The multi-billion British company registered a loss of €4.1 billion loss in this financial year. This annual loss is estimated was due to a slump in the Chinese car market.
Earlier this year the luxury car company had announced 4,500 jobs cut from its manufacturing unit. This was estimated to be dragged down of €3.8 billion in the third quarter. Last year’s profit of €456 million was mainly hit by the economic slowdown in China.
The Chinese car market showed a drop in its graph. This was said to be the reason behind the loss of jobs. The resultant was a decline of 5.8% in sale to 578,915 vehicles in that region.
The company is optimistic about its recent sales, delivering pre-tax £137 million profit in the fourth quarter. That is to March 31 following nine months of loss.
The firm is also hopeful about its unit sales in North America and the United Kingdom. The sales have seen a rise of about 8.1% and 8.4% respectively during this financial year.
The full-year revenue has seen a downward trend of 5.6% to £8.1 billion.
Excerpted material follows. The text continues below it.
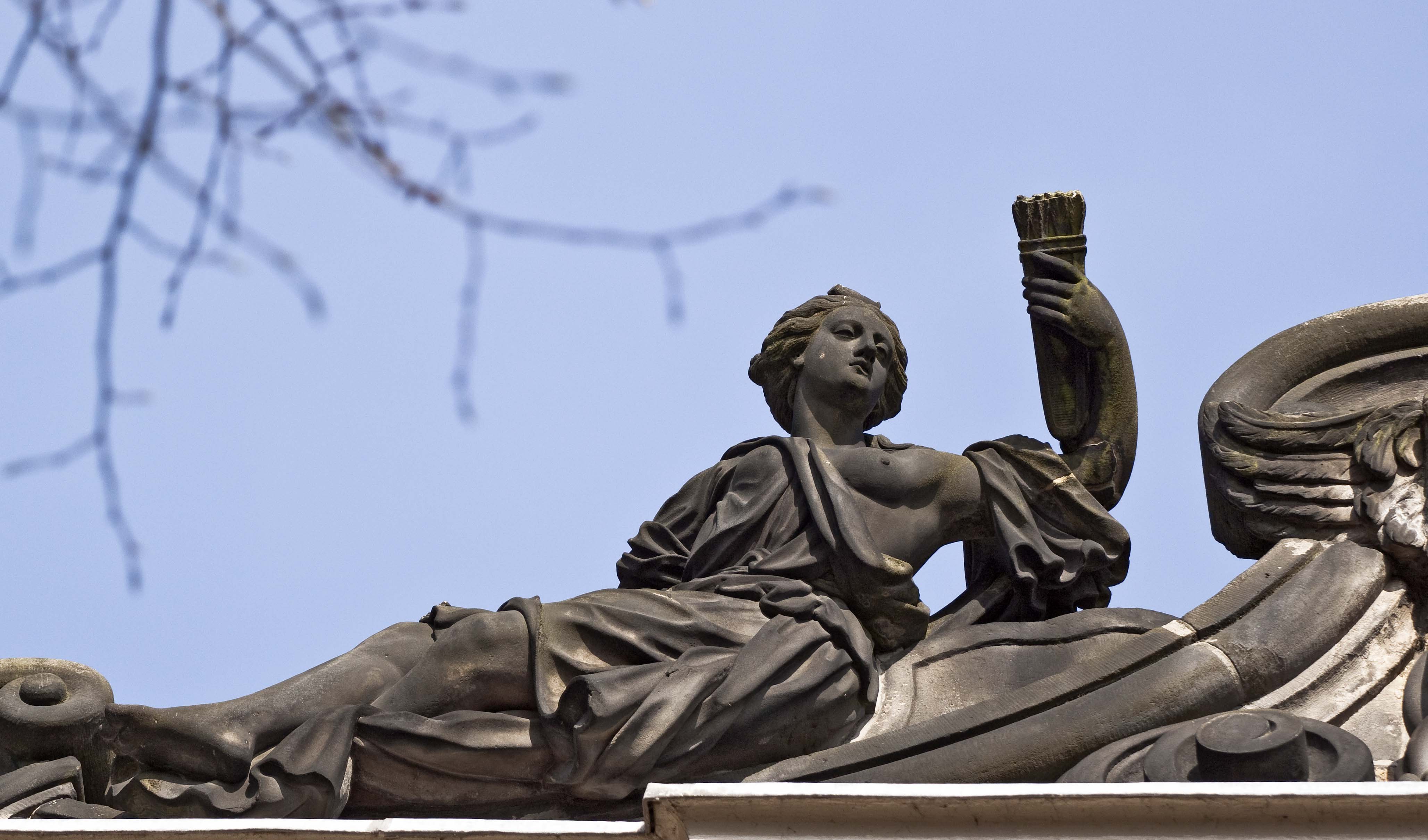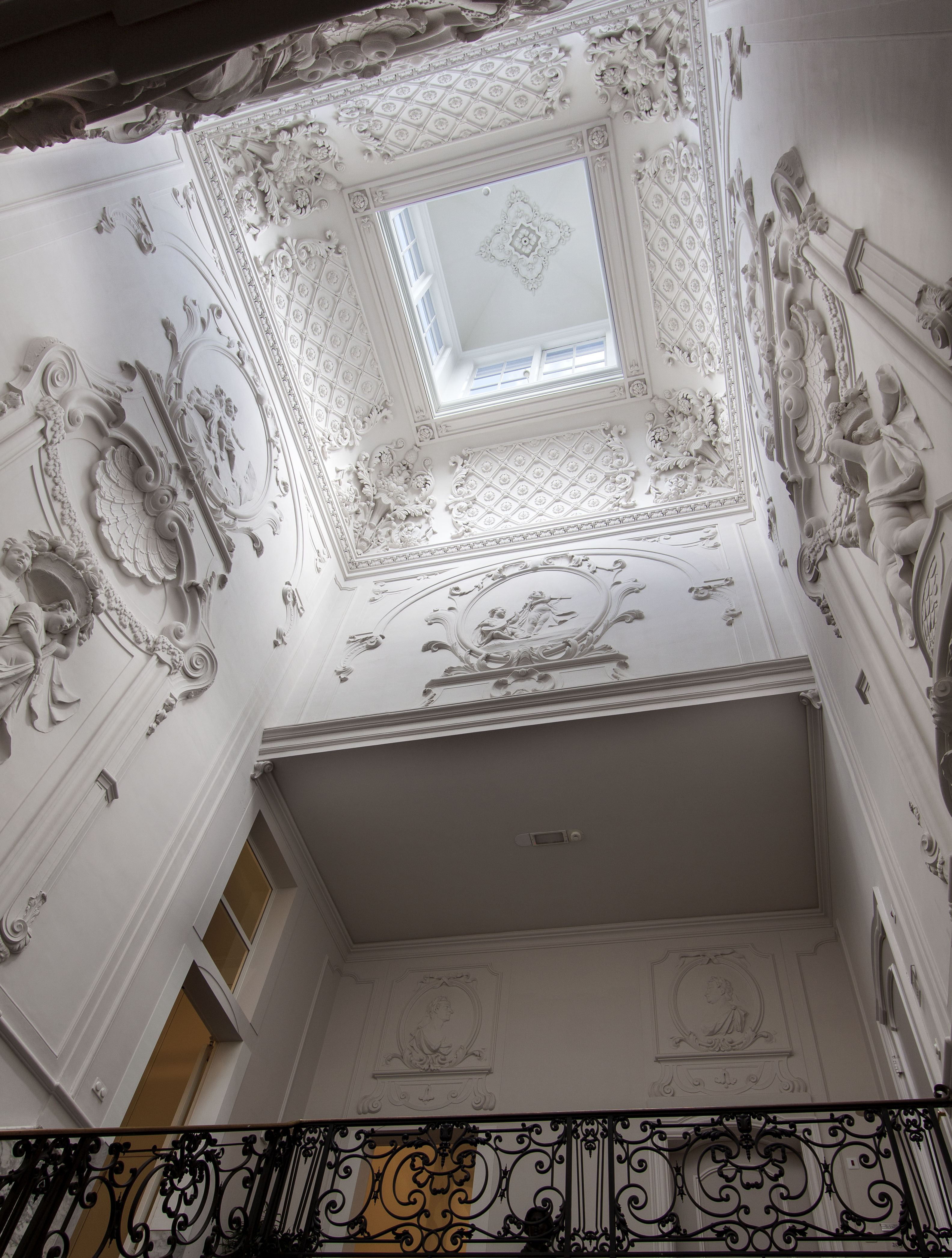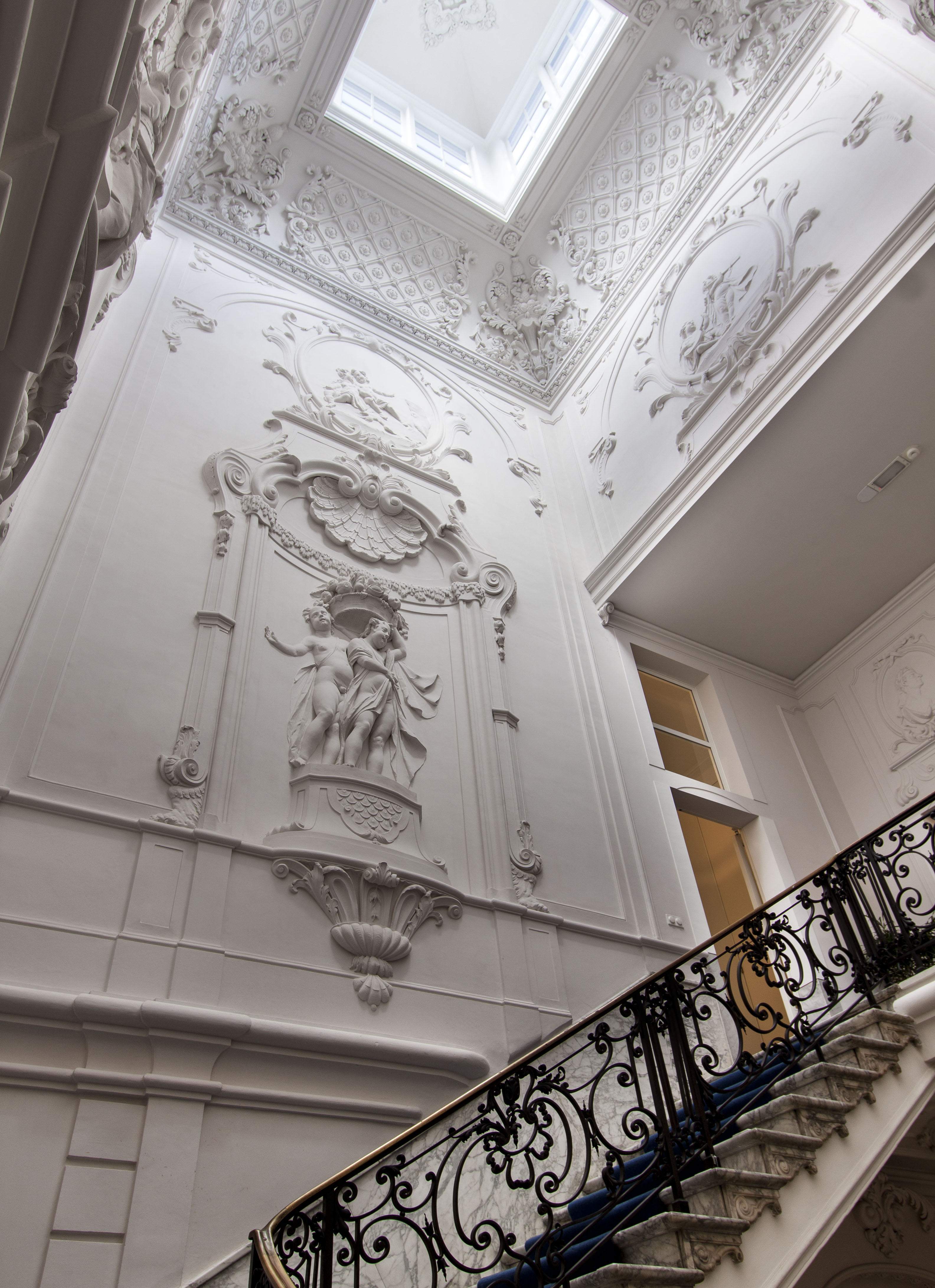 Koninklijke Bibliotheek, eertijds Huis Huguetan, middenpartij gebouwd in 1734-'36 naar plannen van Daniel Marot; de hoekrisalieten toegevoegd in 1761 door Pieter de Swart. Zeer rijke natuurstenen voorgevel - weelderige interieurs.

This in spite of the growth in the US and UK was trembled by the weak Chinese market.
Earlier this year, Jaguar Land Rover has launched £2.8 billion turns around the program. It has already spent around £170 million on the redundant cost to date. This turnaround program has delivered £1.4 billion in efficiencies and saving cost, as confirmed by the company.
Dr Ralf Speth, the Chief executive of Jaguar Land Rover is of the view that as Jaguar is the leading company in this sector, addressing multiple headwinds with the sweeping automotive industry is a mammoth task.
He is focused on the future as the company will overcome the trivial structural and cynical issues. This had an impact on the past year.
He looks forward to viewing the company as better equipped and capable, build on sustain investment of recent year in new products and autonomously connected – electric and share technology driving the future demand.
He even shared the company’s difficulty in managing the change to electric vehicles. This is where it lacked behind in the competition. The embarrassment it faced against a shift in diesel was misfortunate. It is to be seen that if they can survive the change to battery electric is a gripping issue. As the Chinese will be seriously involved in moving to electric cars and Germans will not be easy to vacate their position held by them for the last 30 years.
In addition to this the impending Brexit issue. Though the company has not shown any signs or warnings to it. This despite the rumors that the company might reduce the presence in the UK. But it has detail plans of continuing its investment in various British sites.
There has been no reference by the car making company about a possible takeover by PSA, a French company owning Vauxhall, Peugeot and Citroen.